Imagine the humility and overwhelming love of God, to allow Himself to suffer like this for the cleansing of our consciences.  When it was all said and done, Paul realized something. He realized it wasn’t just Jesus on the cross, it was him (Gal 2:20).  In the cross, Paul had already suffered the horrible punishment, and all his shame melted under the power of the truth that the atonement had already been made.

But this is not all. It’s not just that our sins have already been punished, and so we must stop punishing ourselves. The blood of Jesus also cries out about our value.  Colossians 1:12 says that we have been made worthy to be partakers of the inheritance of the saints.

We weren’t worthy, but now we are.  Sin had corrupted and distorted our value, but it’s been restored.
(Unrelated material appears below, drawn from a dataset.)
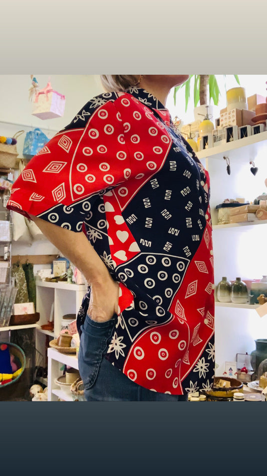 Handmade colourful Indian sari fabric bell sleeve wrap top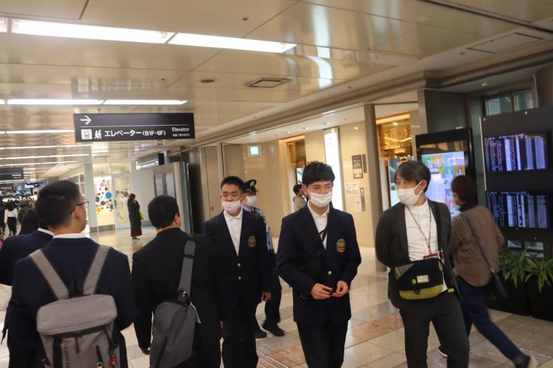 初めて飛行機に搭乗する生徒も。先生と一緒に「行ってきます!」 | 羽田空港に到着。昼食後に空港内を見学しました。 |

The defining characteristic of every person, whether they know Jesus or not is that they’re worth the blood of Jesus (because He died for all). People are worth loving, taking care of, spending time with, fussing over, and celebrating.

And that includes you!

Shame is no longer legal in the life of a Christian because Jesus bore it for us.  Feeling worthless is illegal because heaven went bankrupt to restore your value.

We must learn to love ourselves. Not just because it’s psychologically expedient, not just because God commands it, but—wait for it—because we’re actually worthy of being loved.

Our value is not conjured, not self-righteous, not affected, not a self-help construct—it’s real.  It’s unearned, so it can’t be lost. It’s who we are, so we can’t ignore it.  It exists because the magnificent God of heaven chose to love us in eternity past, and sacrificed Himself to fix us–certainly–but also to remind us of who we really are.

 

 

 

 

 

One Comment on “Overcoming Shame to Love Ourselves”

  1. Amen. Pastor Max, thank you for these words of wisdom. Yes, we each have great value because of what Jesus did for us, not because of anything we did for ourselves. It takes the pressure off on having to be perfect in order to be of value. Thank you Jesus.